Cette mesure s’inscrit dans le cadre d’une refonte plus large visant à réduire les coûts de 35 milliards de dollars d’ici 2030, avec un nombre de participants plafonné à environ 600 000 et tous les bénéficiaires actuels devant être réévalués selon des règles strictes en matière d’admissibilité.

Le ministre de la Santé, Mark Butler, a préconisé une réforme du NDIS. (Lukas Coch/AAP PHOTO)
Le ministre de la Santé, Mark Butler, a préconisé une réforme du NDIS. (Lukas Coch/AAP PHOTO) Crédit: PAA / Lever du soleil

Butler a défendu l’ampleur de la réinitialisation, avertissant que l’avenir à long terme du projet dépendait de réformes urgentes.

“Ce que j’ai essayé de faire hier, c’est de tirer la sonnette d’alarme sur le fait que l’avenir du NDIS est vraiment en jeu ici”, a-t-il déclaré.

“Nous n’avons pas été en mesure de contrôler les coûts. Il y a des gens dans le programme qui ne sont pas destinés à ce programme, avec des besoins de soutien relativement faibles à modérés. Et ils participent au programme parce qu’il n’y a rien d’autre pour eux.”

Le ministre a admis que les changements seraient importants, mais a déclaré qu’ils étaient nécessaires pour garantir que le soutien reste disponible pour ceux qui en ont le plus besoin.

“J’aimerais pouvoir dire qu’il n’y a aucun changement nécessaire ou aucun changement significatif. Mais la vérité est que si nous ne réinitialisons pas ce système, l’avenir est en danger, et il ne sera pas là dans l’année à venir pour les personnes handicapées”, a-t-il déclaré.

Butler a déclaré que le gouvernement travaillait au changement depuis 2023, avec un engagement de 10 milliards de dollars pour créer des services de soutien alternatifs pour les personnes qui ne sont plus admissibles au NDIS.

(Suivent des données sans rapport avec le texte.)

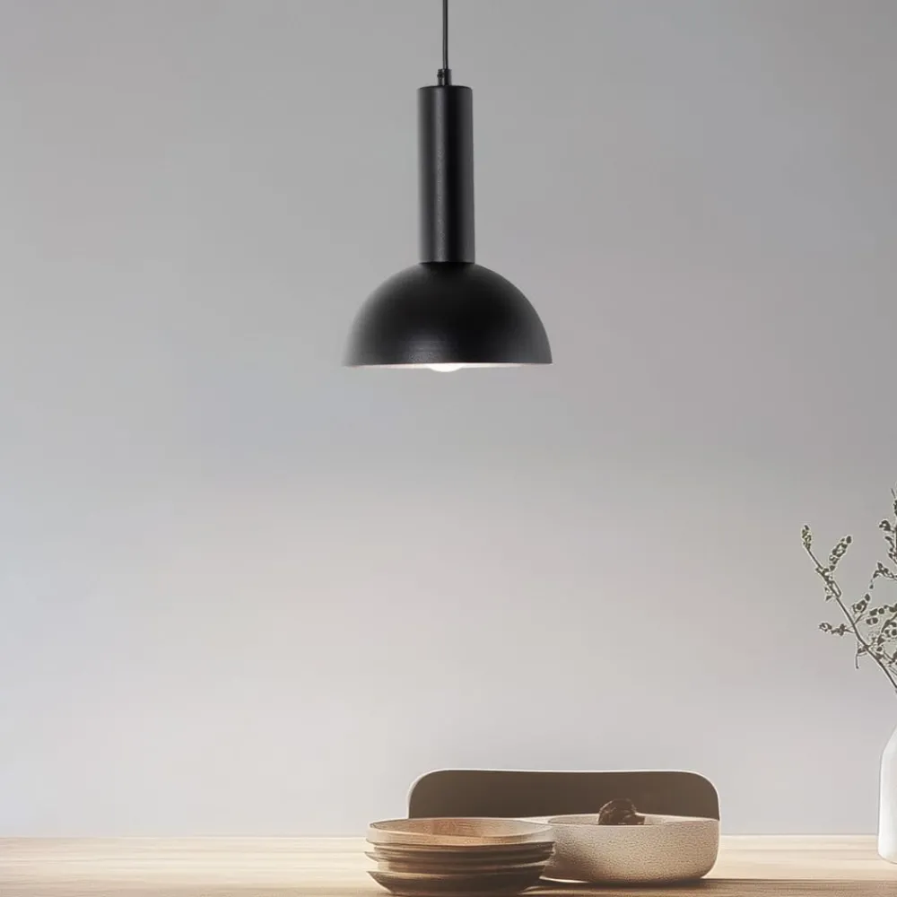Hengelampen Vitrum cupola S imponerer med sitt moderne design og bruken av høykvalitets pulverlakkert stål. Denne lampen passer perfekt inn i ulike oppholdsrom som spisestue og stue, og gir dem et elegant preg. Den halvrunde formen og den svarte fargen gir et tidløst utseende som setter accenter i både minimalistiske og klassiske interiørstiler.

Le plan a été critiqué, la ministre des Services aux personnes handicapées du Queensland, Amanda Camm, avertissant que le gouvernement fédéral risquait de transférer la responsabilité aux États, affirmant que ceux qui ont été rejetés du programme ont toujours besoin d’un soutien ailleurs.

“Tous les gouvernements des États, des territoires et du Commonwealth reconnaissent qu’il s’agit d’une responsabilité partagée. Oui, il y aura un peu de politique, mais je pense que les gens veulent juste que le gouvernement s’en charge. Ils reconnaissent que le NDIS est sorti, et je pense que le gouvernement coopérera”, a-t-il déclaré.

“Nous n’essayons pas d’imposer cela aux États, nous sommes conscients que cela doit être fait en partenariat avec eux et la communauté des personnes handicapées.”